Ainda assim, nem todas as espécies reagiram do mesmo modo. Algumas - como a felosa-orfeã-ocidental - não prolongaram o voo para o período diurno e, ao que tudo indica, interromperam a viagem para descansar.
Outras, como o chasco-cinzento e a petinha-fulva, apresentaram padrões diferentes conforme as condições encontradas.
Anatomia das aves e mudanças de altitude
O estudo avaliou com detalhe traços anatómicos. Os cientistas compararam a relação de aspecto das asas, a área da mão da asa, o comprimento dos ossos da asa e a claridade da plumagem.
No deserto, aves com maior área de asa voaram mais alto. Asas maiores geram mais sustentação, o que facilita manter o voo em ar mais rarefeito, típico de grandes altitudes.

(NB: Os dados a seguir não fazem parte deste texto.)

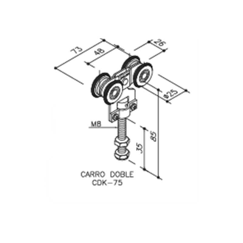 Carro doble para 75 Kg. el par Banda de rodadura en poliamida (enganche frontal)

A cor da plumagem também fez diferença. Espécies mais escuras tenderam a voar mais alto durante as travessias diurnas do deserto. Como penas escuras absorvem mais luz solar, ganhar altitude e procurar ar mais fresco pode ser uma forma de reduzir o sobreaquecimento.
Estrutura das asas das aves
A estrutura da asa foi outro factor importante. Espécies com ossos das asas relativamente mais curtos alcançaram maiores altitudes durante o dia.
O estudo explica que ossos mais longos podem favorecer a dissipação de calor por oferecerem uma superfície vascularizada maior. Já aves com ossos mais curtos poderiam precisar subir mais para arrefecer.
Em conjunto, os resultados reforçam que a estratégia de voo está intimamente ligada ao “projecto” do corpo. A evolução pode ter moldado asas e penas, em parte, para permitir que as aves sobrevivam a migrações extremas.
Voos baixos sobre o mar
Nas travessias marítimas, o padrão foi diferente. Sobre a água, as aves geralmente voaram mais baixo. A altura média ficou em torno de 770 metros, e quase metade das travessias do mar ocorreu abaixo de 500 metros.
O chasco-cinzento destacou-se por voar muito perto da superfície. Na maior parte das travessias marítimas desta espécie, as aves passaram longos períodos abaixo de 50 metros.
Os cientistas suspeitam que voar junto à água possa reduzir o gasto de energia. As aves podem aproveitar ventos mais calmos perto da superfície ou beneficiar-se do efeito solo, que diminui a resistência do ar. No entanto, os investigadores salientam que ainda são necessários mais dados para confirmar essa explicação.
O trabalho também identificou que o formato das asas e a cor das penas influenciaram a altura do voo sobre o mar. Aves com asas maiores e maior relação de aspecto voaram mais alto, e - novamente - as espécies mais escuras tenderam a manter altitudes maiores do que as mais claras.
Por que esta pesquisa importa
Migrar é perigoso. Todos os anos, milhares de milhões de aves viajam entre a Europa e a África. Desertos e mares não oferecem locais seguros para pouso e descanso. Compreender como as aves equilibram calor, energia e altitude ajuda os cientistas a protegê-las.
As conclusões também são relevantes para o planeamento de energia eólica. Muitas aves cruzam o mar em altitudes baixas. Turbinas eólicas offshore podem aumentar o risco de colisões, sobretudo quando há descidas durante o dia.
O estudo mostra que a migração não depende apenas de distância. Ela envolve decisões inteligentes no ar - e o formato das asas, a estrutura óssea e a cor das penas contribuem para que as aves suportem uma das jornadas mais duras do planeta.
Os projectos Migralion e Migratlane, financiados pelo Office Français de la Biodiversité, apoiaram esta pesquisa. Esses programas procuram ampliar o conhecimento sobre os movimentos das aves em áreas como o Mediterrâneo e o Golfo da Biscaia.